A rede de proteção à criança e ao adolescente no Rio Grande do Norte apresenta falhas estruturais que comprometem a prevenção e o enfrentamento da violência. A avaliação é do Tribunal de Contas do Estado (TCE-RN), que concluiu um levantamento inédito sobre o tema e defende maior integração, coordenação e fortalecimento das políticas públicas voltadas à infância.
O estudo foi conduzido pela Diretoria de Avaliação de Políticas Públicas (DPP) no âmbito do Projeto Infância Segura, coordenado nacionalmente pela Associação dos Membros dos Tribunais de Contas do Brasil (Atricon). A iniciativa reforça a atuação do controle externo também como indutor de melhorias na gestão pública, além da função fiscalizatória.
Mais do que reunir números de ocorrências, o levantamento analisou o funcionamento do Sistema de Garantia dos Direitos da Criança e do Adolescente (SGDCA), identificando gargalos institucionais e operacionais que afetam a proteção integral desse público.
FALTA INTEGRAÇÃO
Os auditores constataram a inexistência de um plano estadual específico que integre áreas como saúde, educação, assistência social, segurança pública e sistema de justiça. O relatório também aponta fragilidade na comunicação entre os órgãos, com ausência de interoperabilidade entre sistemas de informação e de uma base eletrônica unificada e sigilosa para compartilhamento de dados no âmbito do SGDCA.
Outra limitação envolve a coordenação intersetorial. Embora tenha sido criado o Comitê Estadual da Rede de Cuidado e Proteção Social das Crianças e Adolescentes, o colegiado ainda está em fase inicial de funcionamento e não exerceu plenamente atribuições como a definição de diretrizes para orientar os municípios na organização dos fluxos de atendimento às vítimas.
Na área da educação, a auditoria identificou a falta de protocolos claros para orientar profissionais da rede estadual diante de suspeitas ou relatos de violência, conforme previsto no Estatuto da Criança e do Adolescente (ECA). Também não foi verificada atuação do Estado no apoio aos municípios para a construção de fluxos padronizados de proteção no ambiente escolar.
O levantamento apontou ainda ausência de prioridade no atendimento a crianças da primeira infância vítimas de violência, em desacordo com o ECA e a Constituição Federal.
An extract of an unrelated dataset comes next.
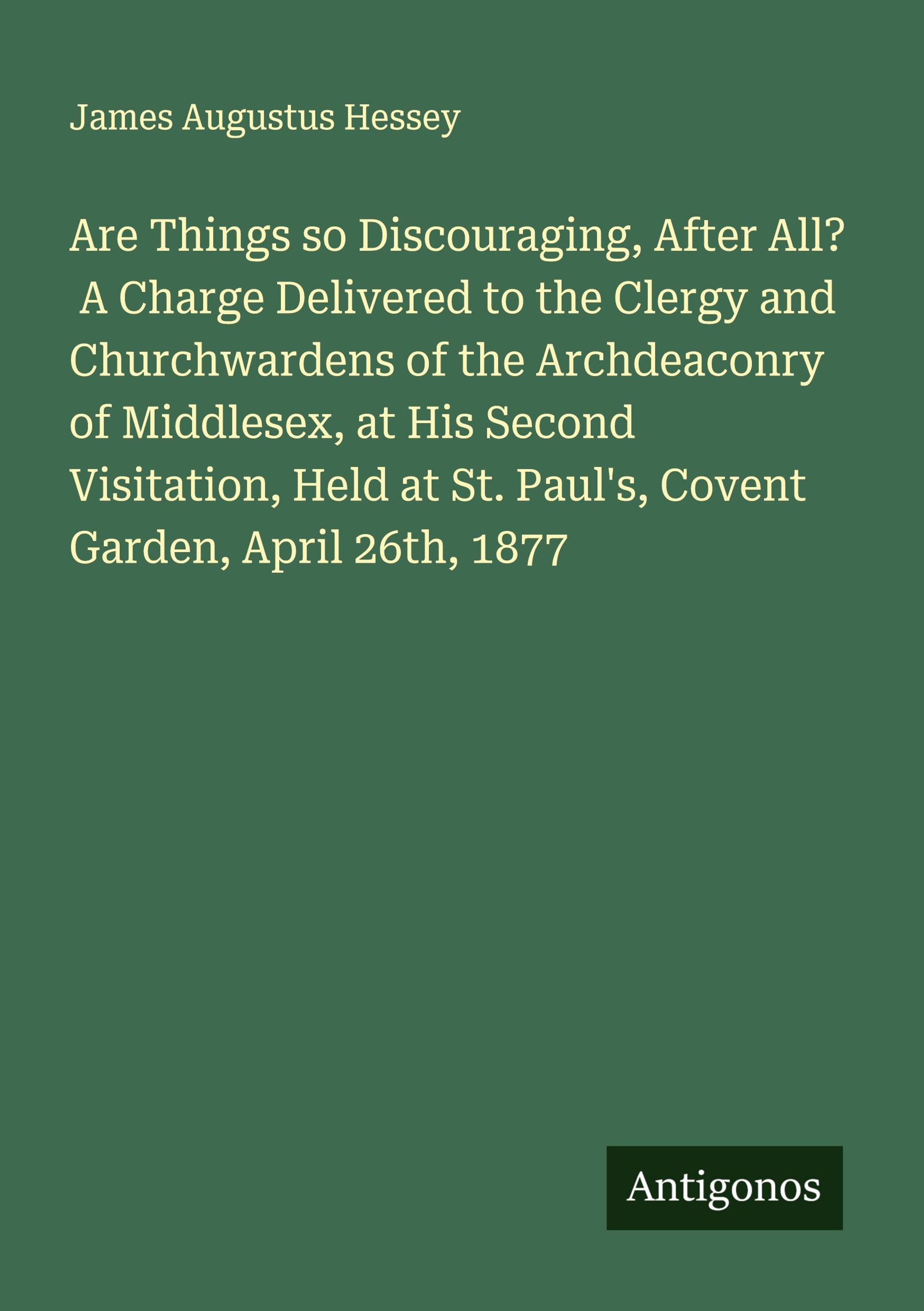 Are Things so Discouraging, After All? A Charge Delivered to the Clergy and Churchwardens of the Archdeaconry of Middlesex, at His Second Visitation, Held at St. Paul's, Covent Garden, April 26th, 1877

Entre outros problemas, o relatório registra a inexistência de assistência jurídica especializada nos Centros de Referência Especializados em Assistência Social (Creas) e limitações na capacidade dos serviços de acolhimento, que chegam a negar vagas por falta de estrutura.
Na segurança pública, apesar da existência de delegacias especializadas em Natal, Parnamirim e Mossoró, não foram identificadas equipes multidisciplinares nem procedimentos operacionais padronizados nas polícias Civil e Militar para o atendimento de crianças e adolescentes vítimas de violência.
RISCOS
Diante do cenário mapeado, o TCE-RN identificou fragilidades e produziu subsídios para orientar gestores públicos na adoção de medidas de aprimoramento do sistema, como o fortalecimento da coordenação interinstitucional, a padronização dos fluxos de atendimento e a melhoria da estrutura e da capacitação das equipes responsáveis pela escuta especializada e pelo depoimento especial, com foco na redução do risco de revitimização.
O relatório também indica a necessidade de avançar no planejamento, monitoramento e avaliação das políticas públicas para a infância, além do uso qualificado de dados como ferramenta estratégica de prevenção da violência.
Com a conclusão do levantamento, a DPP elaborou uma matriz de riscos que servirá de base para análise do Plenário do TCE-RN. A partir dessa apreciação, poderão ser definidos encaminhamentos como fiscalizações específicas, recomendações formais aos gestores e ações de acompanhamento das políticas públicas voltadas à criança e ao adolescente.